Following the Shell ruling, the main claimant in the case, the NGO Milieudefensie, called on 30 other companies, including the airline KLM, the bank ABN Amro and the consumer goods manufacturer Unilever, to submit emission reduction plans.

In Germany, four climate claims were filed in 2021 that attempt to follow up on the argument of the Federal Constitutional Court by making a right to climate protection actionable in relation to companies. The claims, which were filed by the NGO Deutsche Umwelthilfe ("DUH") and Greenpeace, are directed against BMW, Mercedes and Volkswagen, demanding that the German auto manufacturers commit to a tighter carbon emissions budget, and discontinue the worldwide sale of cars with internal combustion engines by 2030. A climate change claim has also been filed against Wintershall Dea to prevent the Norwegian gas and oil producer from developing any new natural gas or oil production after 2026.

On 13 September 2022, the Stuttgart Regional Court dismissed the action against Mercedes at first instance. The court found insufficient proof that the claimants' personal rights would be impacted. In addition, the court emphasised that the courts are prohibited from taking legislative decisions. DUH filed an appeal.

In the Shell case, the Dutch court relied on a provision of Dutch law, pursuant to which a breach of an unwritten standard of care (in this case, among other things, knowledge about climate change) can result in liability towards third parties. German tort law does not have such a far-reaching general clause. Instead, claimants in a German claim must show: (i) damage to a legal interest protected under the German Civil Code; (ii) a causal link between a company's actions and the alleged damage; and (iii) that the respondents are liable, even while acting in compliance with applicable law. It is unlikely that these hurdles can be easily overcome.

Compensatory claims

The best-known climate-related compensatory claim in Germany is that of Saúl Lliuya's ("SL") against RWE, the German multinational energy company. As a resident of Huaraz, a Peruvian city situated below a glacial lake, SL claims that climate change has caused increasing glacial melt, which has led to a significant rise in the lake’s water level. In order to protect Huaraz from flooding, various protective measures have to be implemented. SL is seeking a declaration that RWE will contribute to the cost of these measures. The lawsuit claims that the share of the costs to be paid by RWE must be based on the proportionate share of greenhouse gas emissions caused by RWE worldwide since the beginning of industrialisation, which is claimed to amount to 0.47 per cent.

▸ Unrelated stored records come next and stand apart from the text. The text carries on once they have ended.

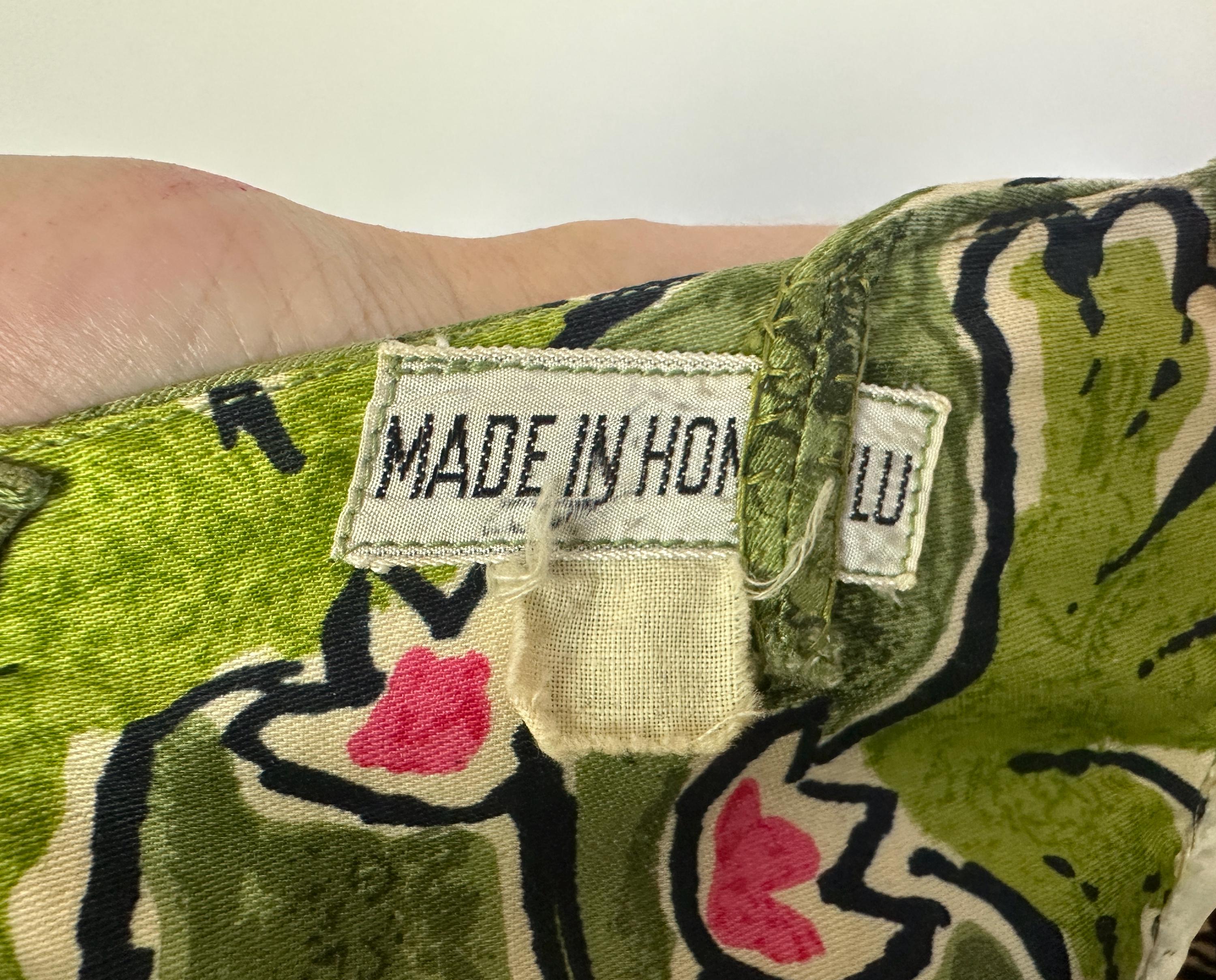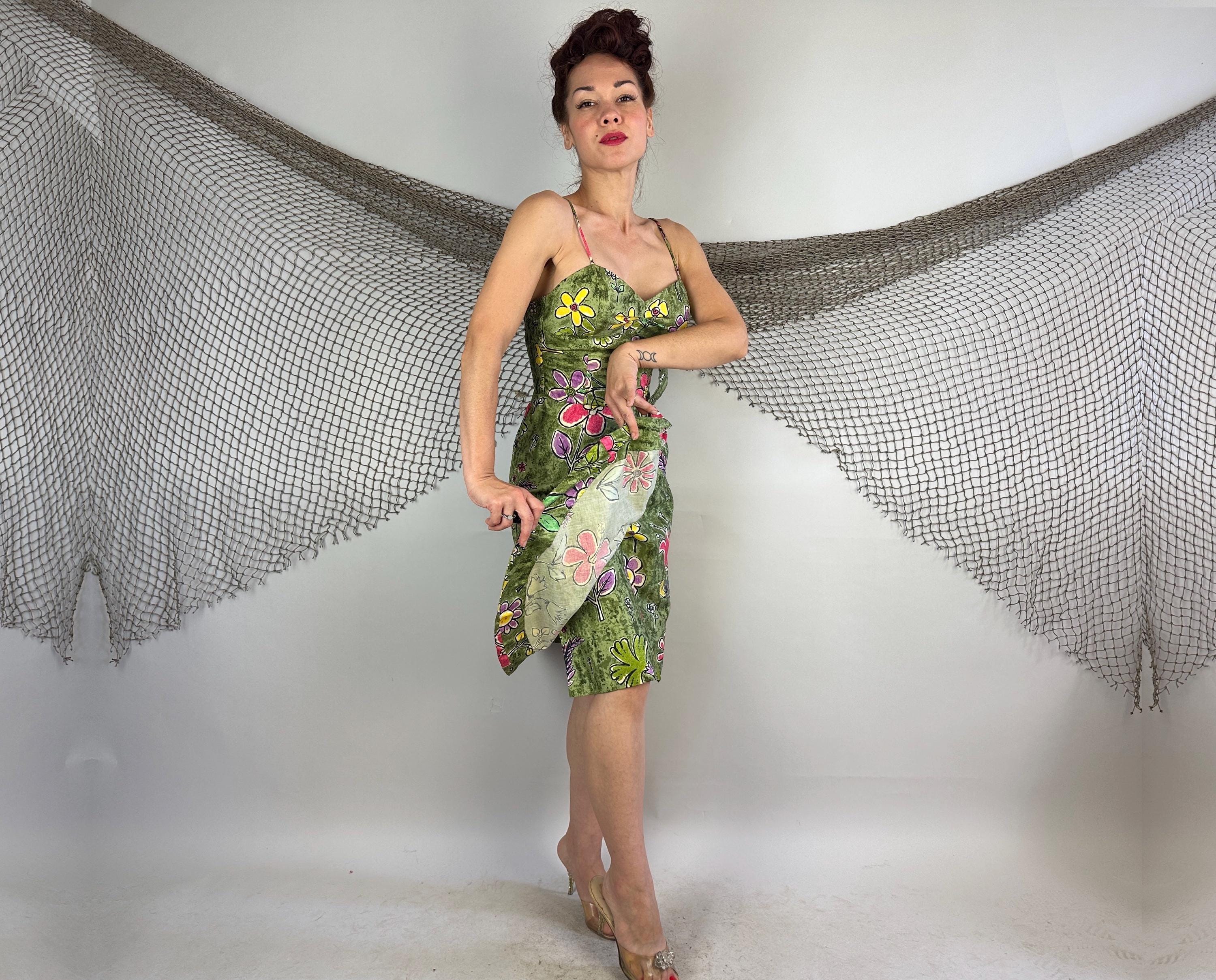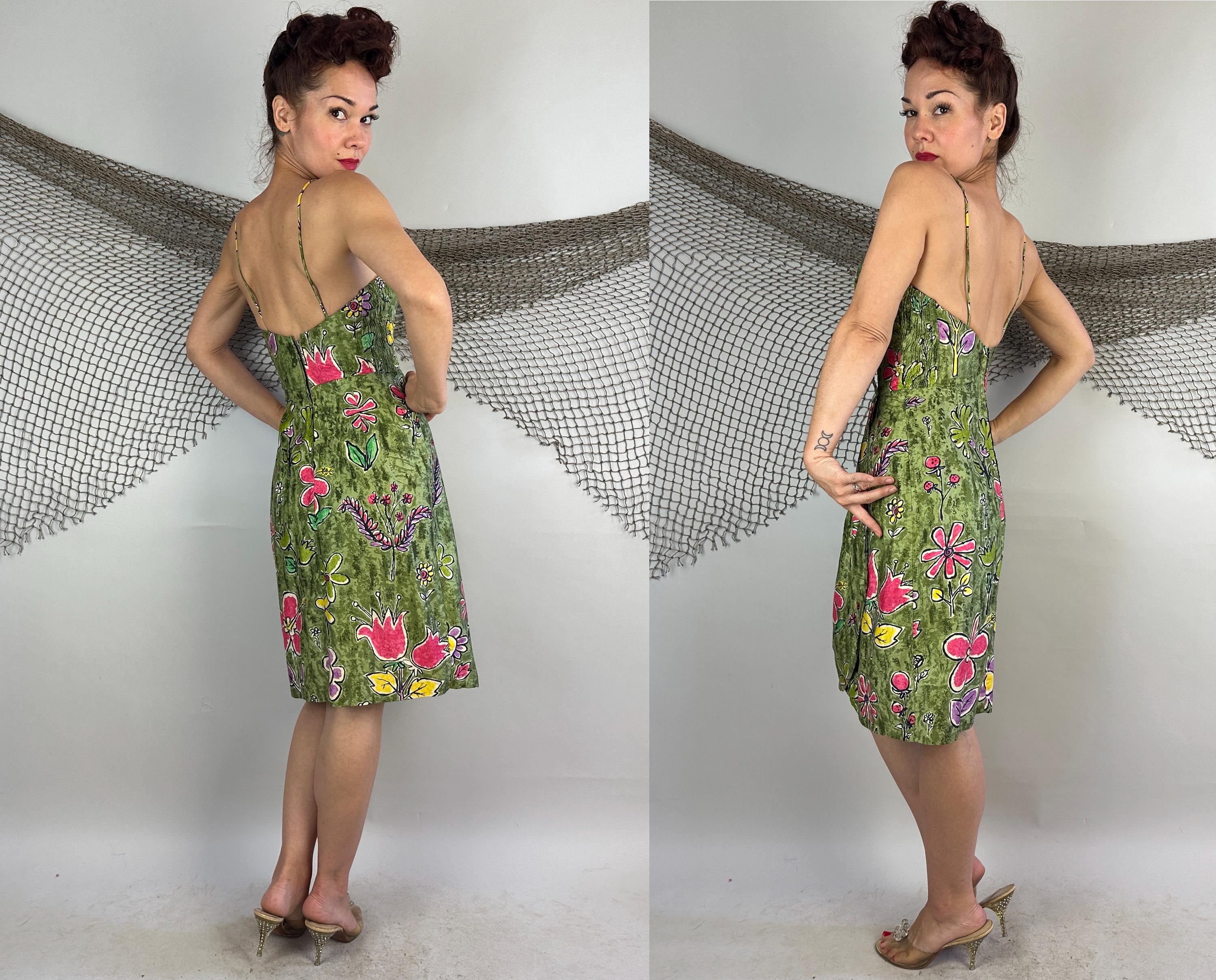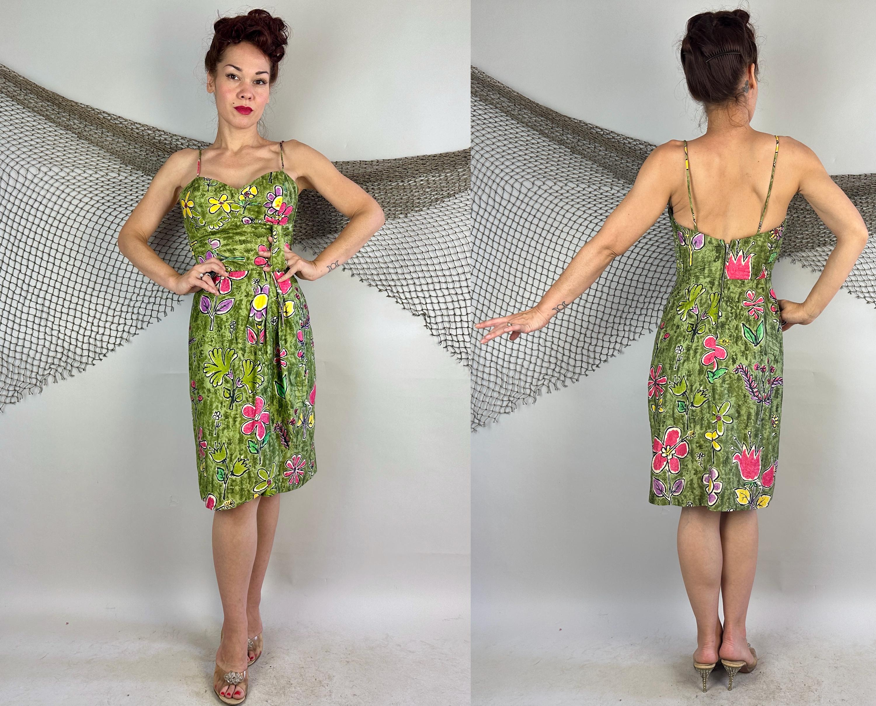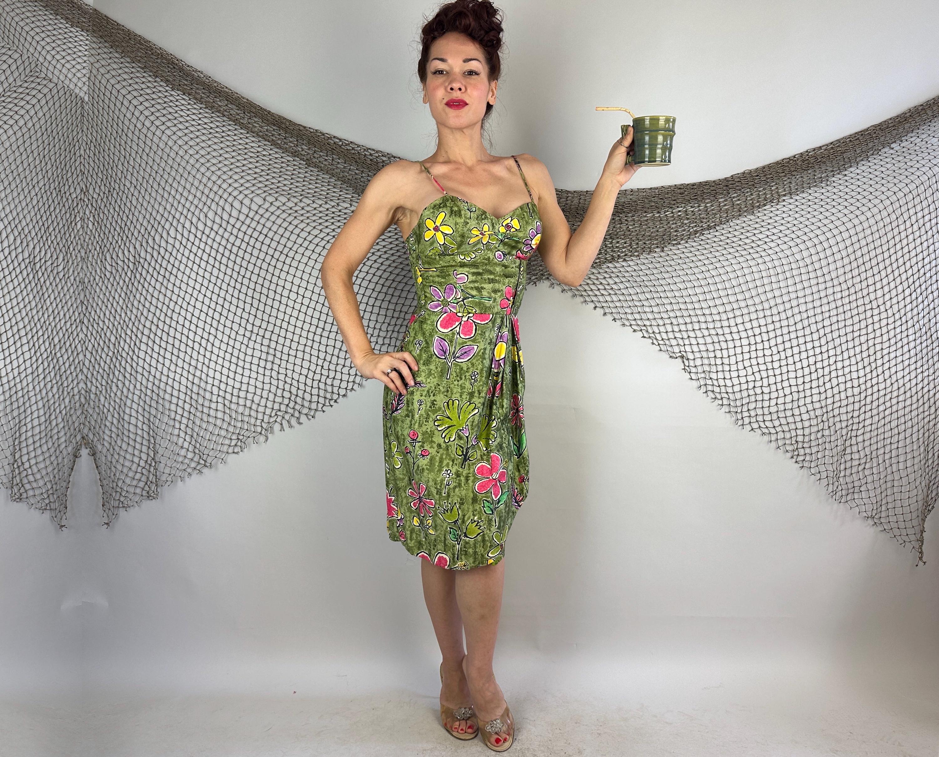 Your presence will pop at the Luau when you wear this fun 1950s sun dress! The sarong style dress is cotton in a mottled moss green with a bold child-like pop-art floral print in hot pink, sunny yellow, and grape purple outlined in black. The bodice is lightly boned and the sweetheart bust is shaped with strategic seams and central pleating. Panels of shirrng on each side give some flexibilty and the back is cut with a subtle dip where a metal "Talon" zipper fastens below. The skirt is a faux wrap with pleating accents that extend over the midriff as a strip on one side. Labeled "Made in Honolulu". This dress is in great vintage condition, with no holes, stains, or odors to note.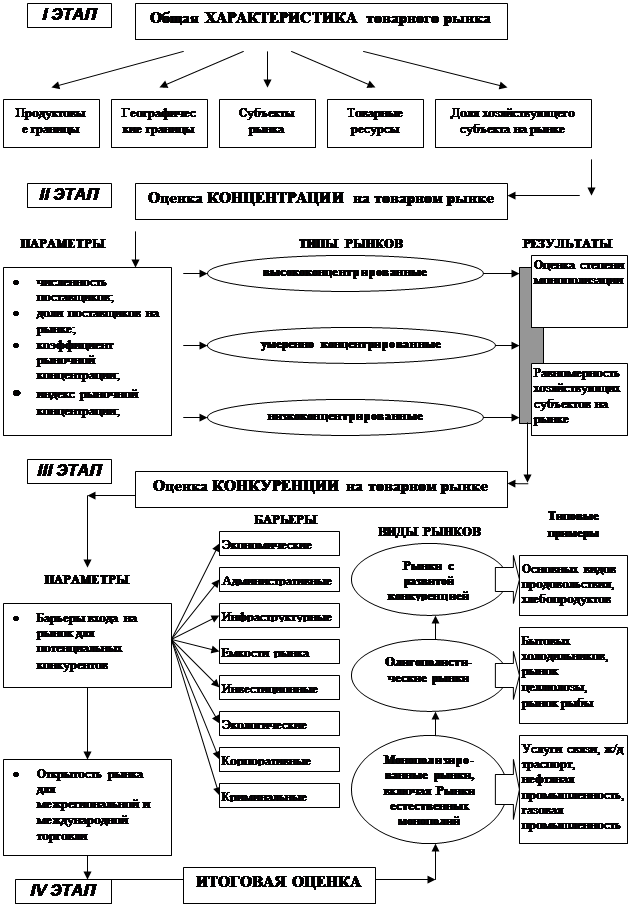 На II этапе производится анализ и оценка различных количественных показателей товарного рынка, а также расчеты, определяющие степень концентрации на товарном рынке. К количественным показателям относятся: - численность поставщиков, действующих на данном товарном рынке; - доли, занимаемые поставщиками на данном товарном рынке; - коэффициент рыночной концентрации (CR) - процентное отношение продаж определенного числа крупнейших поставщиков к общему объему продаж на данном товарном рынке; - индекс рыночной концентрации Герфиндаля-Гиршмана, показывающий сбалансированность фирм на рынке, — сумма квадратов долей, занимаемых на рынке всеми действующими на нем поставщиками. В зависимости от занимаемых продавцами на данном товарном рынке долей можно составить ранжированный перечень, в котором проводится анализ разброса долей участия продавцов и равномерности их присутствия на товарном рынке. В ходе анализа показателей рыночной концентрации (коэффициентов и индексов), могут быть получены следующие результаты: а) выделены три типа рынка: высококонцентрированные, умеренно концентрированные и низкоконцентрированные; б) дана предварительная оценка степени монополизации рынка, равномерности или неравномерности присутствия на нем различных субъектов рынка. На III этапе осуществляется анализ качественных показателей, по которым производится оценка конкуренции на товарном рынке. К ним относятся: — барьеры входа на рынок для потенциальных конкурентов, степень их преодолимости; — открытость рынка для межрегиональной и международной торговли. Под барьерами входа на рынок обычно понимаются любые факторы технологического, административного, экономического характера, которые препятствуют новым фирмам войти на рынок в достаточно короткий период времени. Причем концентрация может и не представлять серьезной опасности для конкуренции в случае отсутствия барьеров входа на соответствующие товарные рынки. Могут рассматриваться следующие препятствия выхода на рынок (барьеры) потенциальных конкурентов: экономические: государственная инвестиционная политика, кредитная, налоговая, ценовая политика, тарифное и нетарифное регулирование внешнеэкономической деятельности; доступность кредитных и бюджетных ресурсов; неплатежи и пр.; административные: устанавливаемые органами исполнительной власти всех уровней процедуры регистрации предприятий, выдачи лицензий на право деятельности, квотирование, ограничения на ввоз и вывоз товаров, предоставление помещений и земельных участков; инфраструктурные: связанные с неразвитостью рыночной инфраструктуры - средства коммуникаций и транспорта, службы по оказанию информационных, консалтинговых, лизинговых и др. услуг; емкость рынка: связанные с ограниченной емкостью рынка — ограничения но спросу, низкая платежеспособность населения; Схема №1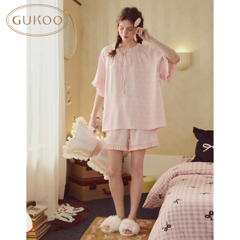 - Gukoo/果壳睡衣女红色格子米奇米妮新款简约女士家居服套装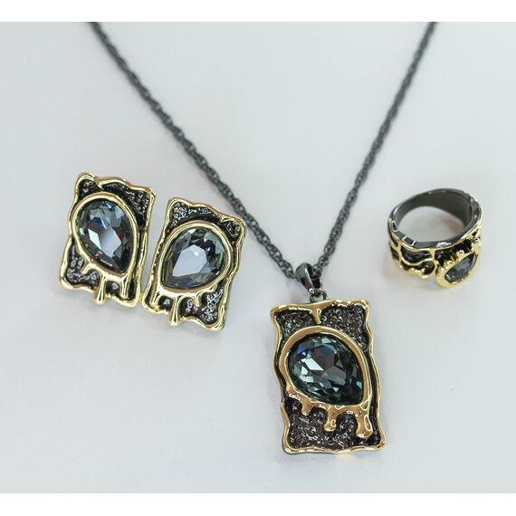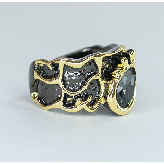 Кольцо женское из гипоаллергенного ювелирного сплава черного и желтого цвета. Вставка- кварц, цвет-серый. Высота кольца-1,0см, ширина-2,0см. Размер-18,0.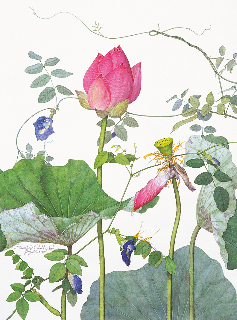 (2563). "ภาพวาดสีน้ำบัวหลวง-อัญชัน".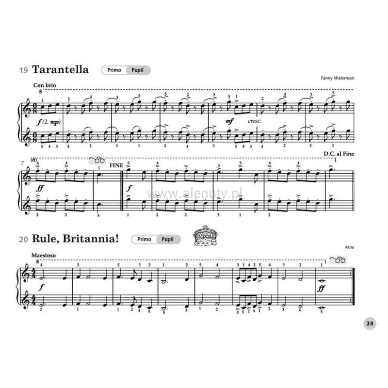 Łatwe, atrakcyjne duety opracowane w celu uzupełnienia książek Me and My Piano 1 i 2. Utwory w tej kolekcji mają różne stopnie trudności, dzięki czemu młody pianista może grać razem z nauczycielem, rodzicem lub innym uczniem. To żywa i stymulująca mieszanka nowych i znanych utworów, pochodzących z wielu różnych krajów. Nuty na duety fortepianowe, dla początkujących.

On appeal, the Hamm Higher Regional Court considered the action to be sound in principle and has since entered the evidentiary stage. It remains to be seen whether German courts will find a causal link between emissions, climate change and the alleged damage, and how they will approach the fact that the emitter complied with applicable law.

Conclusion

Climate litigation is on the rise (and is widely anticipated to increase further, particularly as a result of extreme weather events), presenting a real risk for companies. Potential climate claims pose significant strategic, financial and reputational risks. A transition plan detailing the company's intended contribution to achieving the Paris climate goals may help to limit these risks.